[TriLUG] Adding SCSI Drive Snuffs GRUB

Scott Chilcote scottchilcote at earthlink.net
Tue Dec 19 18:37:34 EST 2006


Hi Folks,

I have an Athlon64 system with a single SATA hard drive.  It boots 
Ubuntu Dapper just fine with the default GRUB bootloader.

The system also has an LSI Logic 53c895a SCSI host adapter.  I recently 
tried to plug a new SCSI hard disk into this controller, but when I do, 
the system hangs while booting.  No messages, no GRUB display, just 
"Attempting to Boot from CD-ROM" (which it always does) and then... It 
hangs.

Things that are probably not the reason for this problem:

1. SCSI Device ID Conflict: The device IDs for the 3 devices I have are 
different, as reported by the host adapter at boot time (the other two 
devices are a scanner and a CD-RW drive).
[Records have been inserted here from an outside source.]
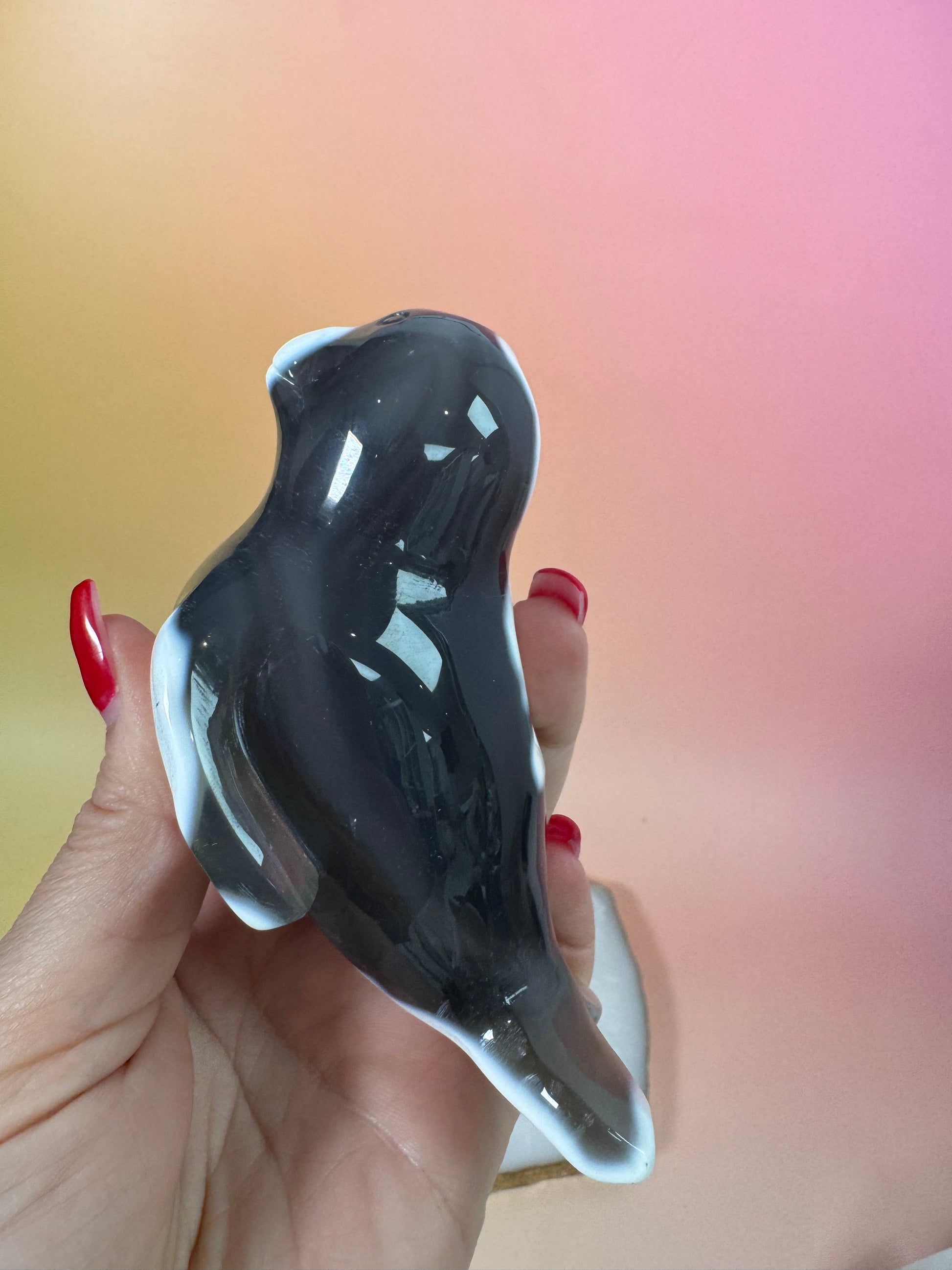 Eine wunderschöne seltene Figur aus Orcha Achat! Man findet nur sehr selten geschnitzte Figuren aus Orcha Achat.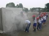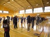 特別日課にして清掃時間を普段より多く確保し、教室の床の水拭きに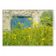 Gele waterverf bloemen in bloesems met blauw houten deur en steenwand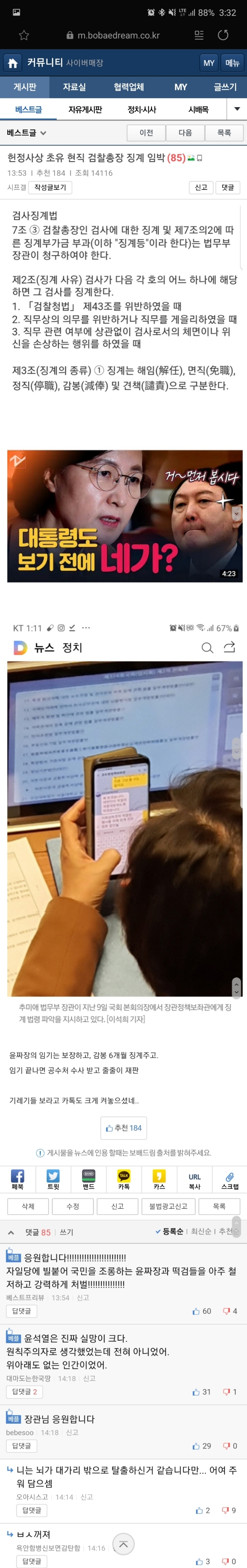 헌정사상 초유 현직 검찰총장 징계 임박 작성자popopopo|작성시간20.01.10|조회수6,317 목록 댓글 33 글자크기 작게가 글자크기 크게가 춘장아 깜빵가자 다음검색 현재 게시글 추가 기능 열기 북마크 공유하기 신고 센터로 신고 댓글 댓글 33 댓글쓰기 답글쓰기 댓글 리스트 작성자대머리 | 작성시간 20.01.10 억지로 보라고 카톡 하시네 작성자Eduardo da Silva | 작성시간 20.01.10 응원합니다 작성자Roro | 작성시간 20.01.10 매 맞자 작성자DKJUNE | 작성시간 20.01.10 장관님 정말 대단하심 작성자김밥아저씨 | 작성시간 20.01.10 가장 좋은건 화합이긴한데행정부가 너무 정치화 돼서 보기는 좀 그렇네 댓글 전체보기

2. SCSI Termination: This is set properly according the the host 
adapter's built in diagnostics.

3. BIOS Hard Drive Boot Priority: I am able to set this in the BIOS.  It 
defaults to the SATA Drive booting first, and the SCSI Drive booting 
second.  I haven't changed it because this seems correct.

4. Drive device assignment by the Linux kernel: I can boot from the 
Ubuntu CD-ROM and open a shell in my usual root partition with both 
drives connected.  When I do, the SATA Disk is /dev/sda, which is 
normal.  The new SCSI drive shows up as /dev/sdb.  This seems right.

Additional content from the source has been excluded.